*** SUPPLIED RECORDS

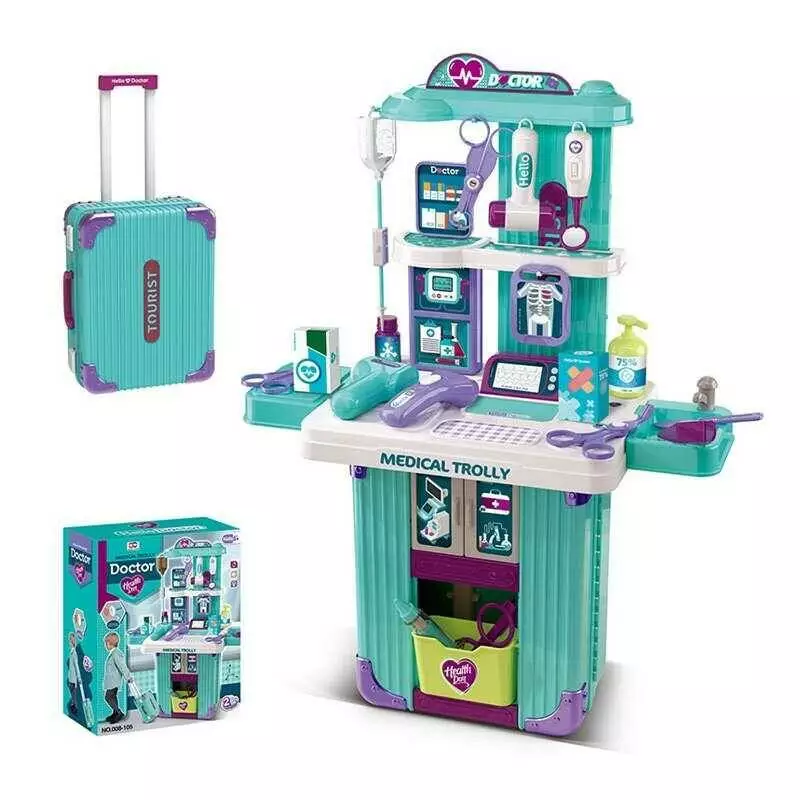 Набір лікаря 008-105 (8) валіза, висувна ручка, монітор, термометр, сканер, дзеркало, молоточок, окуляри, ножиці, шприц, в коробці
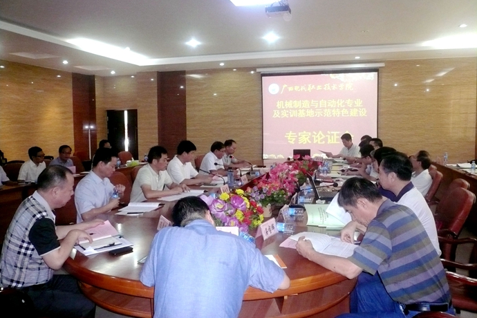 2015年8月12日,我院举行机械制造与自动化专业实训基地设备采购专家论证会。广西大学黄伟教授、深圳职业技术学院机械工程学院院长梁伟文教授、南宁职业技术学院机电工程学院院长甘善泽、柳州职业技术学院机电系副主任王大红、广西机械工业联合会秘书长王珏,广西汽车拖拉机研究所所长覃日才、国泰安公司广西区项目总监赵冰蔚等13位来自科研院校、行业部门的专家组成专家组,对我院机械制造与自动化专业实训基地设备采购方案进行论证。论证会由学院副院长冯忠伟主持,河池市市委副秘书长、学院党委书记韦伟松出席论证会,学院各系主任、各系教学负责人、机电工程系机械制造与自动化专业教师参加论证会。
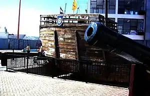 ![]() Réplica de la carabela Santiaguillo en el muelle Prat de Valparaíso | ||
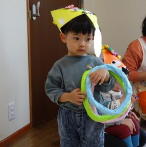 「きりんぐみさんのお面は自分で好きな色を選んだり
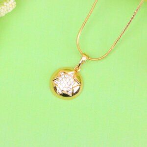 This elegant round pendant features a sparkling star-shaped CZ cluster at the center, finished in radiant gold plating over high-quality brass.
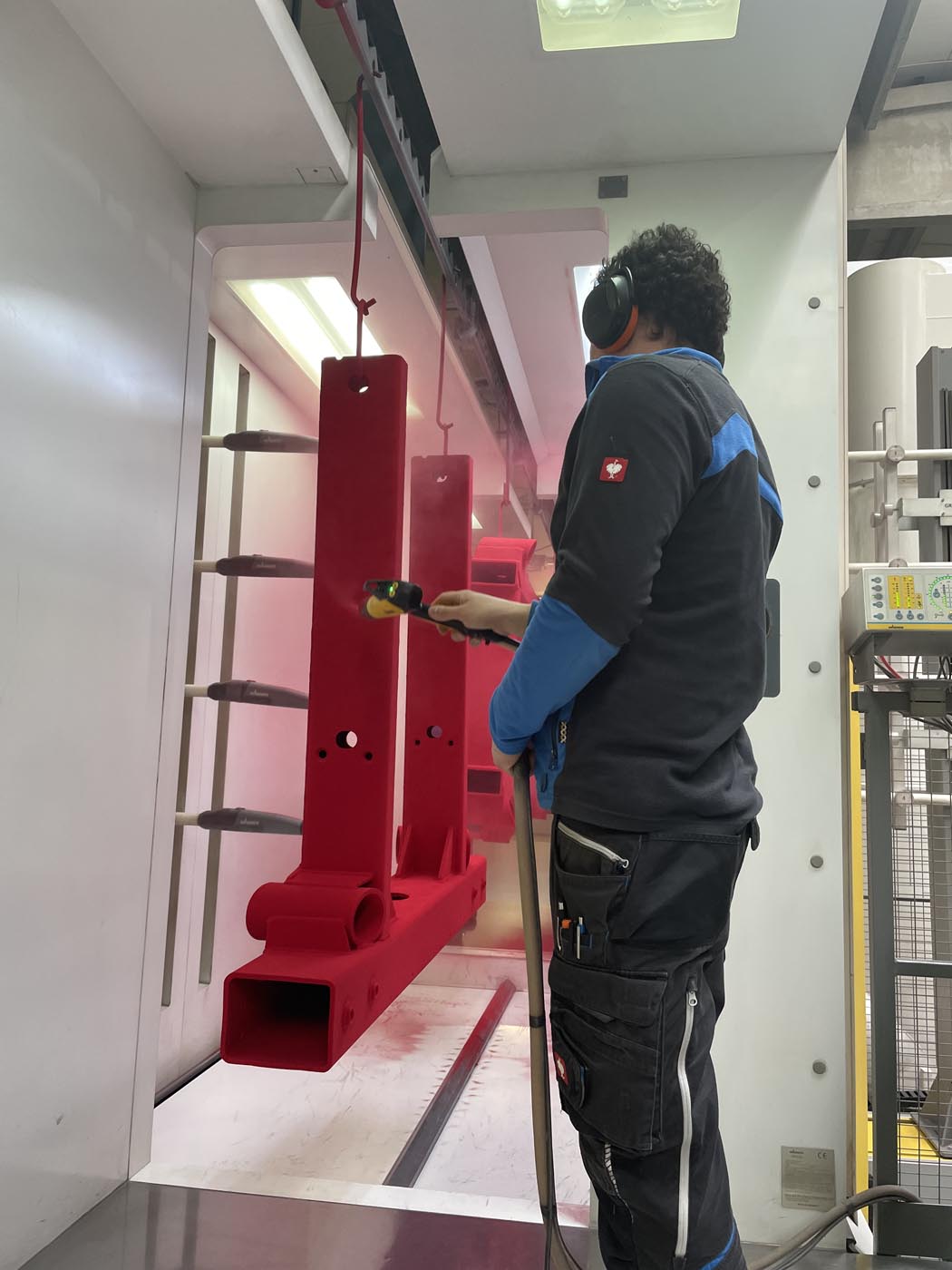 Praškasto barvanje gozdarske mehanizacije: vitli, gozdarske prikolice GAP, hidravlična traktorska dvigala DOT

******

#### [WORK TO COMPLETE]
From the line containing "Valparaíso | ||" through the last line of the entries, copy each line exactly and only those, skipping all pictures.

#### [OUTPUT FOR THIS EXERCISE]
 ![]() Réplica de la carabela Santiaguillo en el muelle Prat de Valparaíso | ||
 「きりんぐみさんのお面は自分で好きな色を選んだり
 This elegant round pendant features a sparkling star-shaped CZ cluster at the center, finished in radiant gold plating over high-quality brass.
 Praškasto barvanje gozdarske mehanizacije: vitli, gozdarske prikolice GAP, hidravlična traktorska dvigala DOT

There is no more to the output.